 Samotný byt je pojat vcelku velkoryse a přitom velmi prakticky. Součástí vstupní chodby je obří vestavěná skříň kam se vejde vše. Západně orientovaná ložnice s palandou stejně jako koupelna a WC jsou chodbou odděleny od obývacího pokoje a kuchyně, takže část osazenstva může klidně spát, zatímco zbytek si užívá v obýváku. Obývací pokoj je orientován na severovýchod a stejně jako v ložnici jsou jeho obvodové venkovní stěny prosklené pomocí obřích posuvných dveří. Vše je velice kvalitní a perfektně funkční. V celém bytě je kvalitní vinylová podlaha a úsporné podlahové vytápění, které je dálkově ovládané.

...

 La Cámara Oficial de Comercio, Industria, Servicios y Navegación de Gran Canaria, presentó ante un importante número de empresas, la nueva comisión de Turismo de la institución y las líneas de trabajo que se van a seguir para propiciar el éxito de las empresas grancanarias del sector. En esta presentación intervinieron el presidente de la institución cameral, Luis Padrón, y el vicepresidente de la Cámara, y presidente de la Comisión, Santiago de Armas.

---

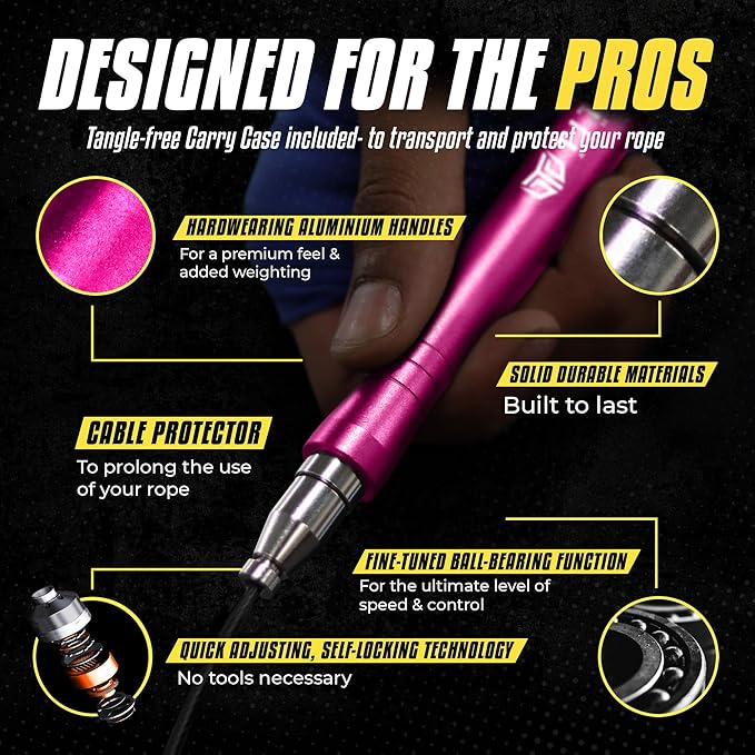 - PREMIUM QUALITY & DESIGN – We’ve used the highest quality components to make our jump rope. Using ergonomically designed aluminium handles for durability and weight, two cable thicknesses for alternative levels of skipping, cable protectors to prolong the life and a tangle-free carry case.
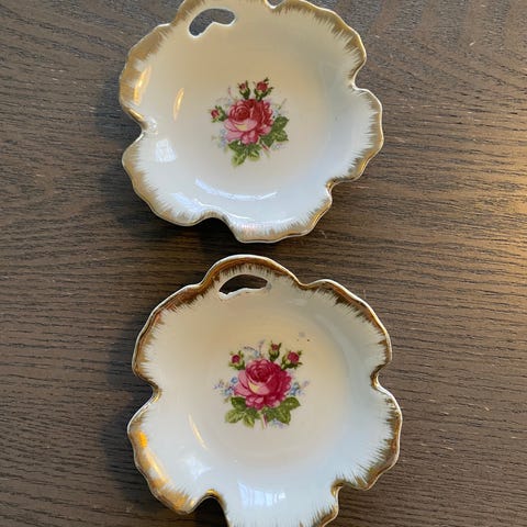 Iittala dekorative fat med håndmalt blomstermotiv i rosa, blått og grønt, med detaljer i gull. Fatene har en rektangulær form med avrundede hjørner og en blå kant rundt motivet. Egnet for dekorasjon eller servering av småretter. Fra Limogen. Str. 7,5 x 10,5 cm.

To do ▸ Starting at the line that contains "- PREMIUM QUALITY" and ending at the line that contains "Iittala dekorative fat", transcribe the material above exactly, excluding pictures.

Completed task ▸
 - PREMIUM QUALITY & DESIGN – We’ve used the highest quality components to make our jump rope. Using ergonomically designed aluminium handles for durability and weight, two cable thicknesses for alternative levels of skipping, cable protectors to prolong the life and a tangle-free carry case.
 Iittala dekorative fat med håndmalt blomstermotiv i rosa, blått og grønt, med detaljer i gull. Fatene har en rektangulær form med avrundede hjørner og en blå kant rundt motivet. Egnet for dekorasjon eller servering av småretter. Fra Limogen. Str. 7,5 x 10,5 cm.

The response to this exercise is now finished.